Mobile Backhaul - The Backhaul Heat is On
A backhaul bonanza follows the mobile wireless broadband movement.
Cable operators, fiber providers and microwave radio vendors are benefiting from the continuing hard push by mobile wireless operators worldwide to build out both next-gen IP-based broadband and legacy networks. These mobile infrastructure build-outs have not only acted as a catalyst to better backhaul opportunities for those offering Ethernet services in urban and suburban areas – including cable operators – but also for those selling PTP microwave radios in markets without a cable or fiber presence.
Visant Strategies sees burgeoning LTE and HSPA Plus networks in leading markets, and the continuing use of GSM in lesser markets, continuing to fuel the backhaul market for years to come.
The mobile infrastructure industry has not suffered with down revenues as other industries have during recent years, although there has been quite a bit of consolidation. But with this consolidation, there has also been a steady flow of mobile infrastructure sales in all parts of the world, with leading economies realizing advanced 3G and 4G build-outs. These include LTE WCDMA and 3.5G HSPA Plus wireless networks, which offer speeds and capacity almost comparable to LTE, and high-end 3G mobile networks such as CDMA EVDO.
In other areas of the world, GSM is still being utilized, and in emerging economies – such as in India and China – build-outs are occurring at a fast rate. Mobile wireless has become a staple everywhere, and mobile infrastructure manufacturers reported more good news this past quarter.
Ericsson reported an increase in mobile infrastructure sales of 14 percent year-overyear. The vendor stated its lesser North American sales were simply the result of operators (read: U.S. operators) slowing down the evolution to 4G after upgrading heavily during the past few years. The company, like other mobile infrastructure vendors, still experienced stronger sales year-over-year in other regions of the world where 2G and 3G networks are still being enhanced and built out.

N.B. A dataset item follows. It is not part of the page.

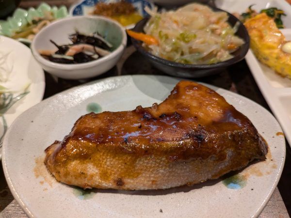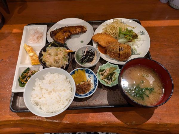 素晴らしいです。お盆にギリギリ乗っているおかずです。これは凄い!メインが天然ブリの照り焼き・ササミかつ・茄子のはさみ揚げです。小鉢が6品と漬物・お味噌汁・ご飯付きです。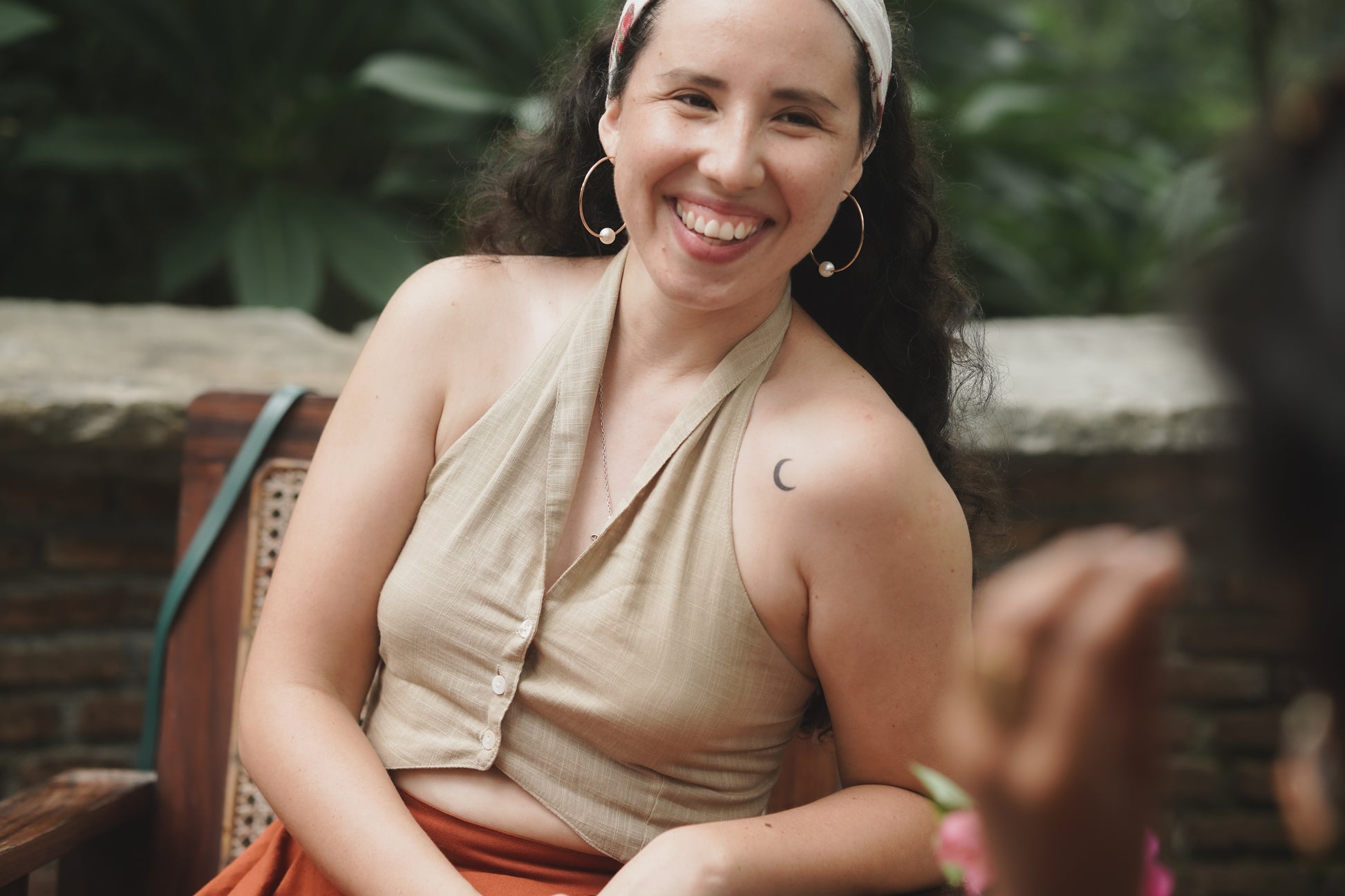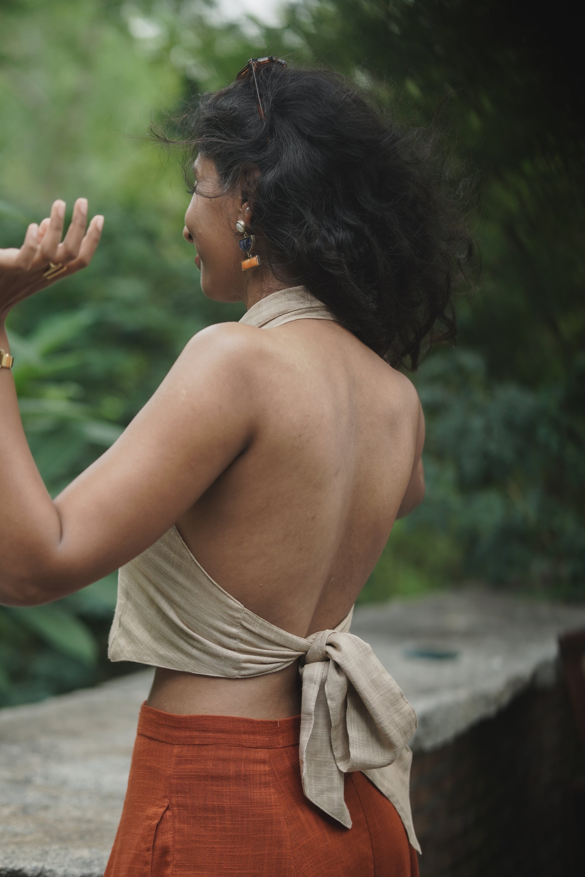 Tie-Back Halter Top made of handloom cotton with front buttons and an adjustable tie at the back for a perfect fit. Pairs well with high-waisted trousers or skirts. Comfortable, simple, and versatile for various styles.

Alcatel-Lucent stated revenue growth in its wireless division, at constant currency exchange rates, increased almost 15 percent year-over-year. The company had strong wireless network sales, due mainly to CDMA EVDO growth in North and South America, as well as 2G and 3G network sales within the Asia Pacific region.
This mobile growth will continue, and Visant Strategies sees global mobile infrastructure sales rising 8 percent to 15 percent per year through 2015. We also believe the quicker advent of evensmaller cell sizes may raise the growth rate up a few percentage points.
While a shipment growth rate of 10 to 15 percent year-over-year does not seem sizable when discussing the billion-plus annual mobile phone market, the number looks pretty good when put into context with the world economy, particularly when it comes to high-end mobile devices.
Smartphones, by Visant Strategies’ estimates, have accounted for almost onethird of the more than 300 million units moved this past quarter and will continue to account for 35 percent to 45 percent of sales for at least the next three years. As these higher-end phones are shipped and the newest and latest spectrum-munching application, such as video calling, is pushed, the need for data and likewise backhaul will rise significantly.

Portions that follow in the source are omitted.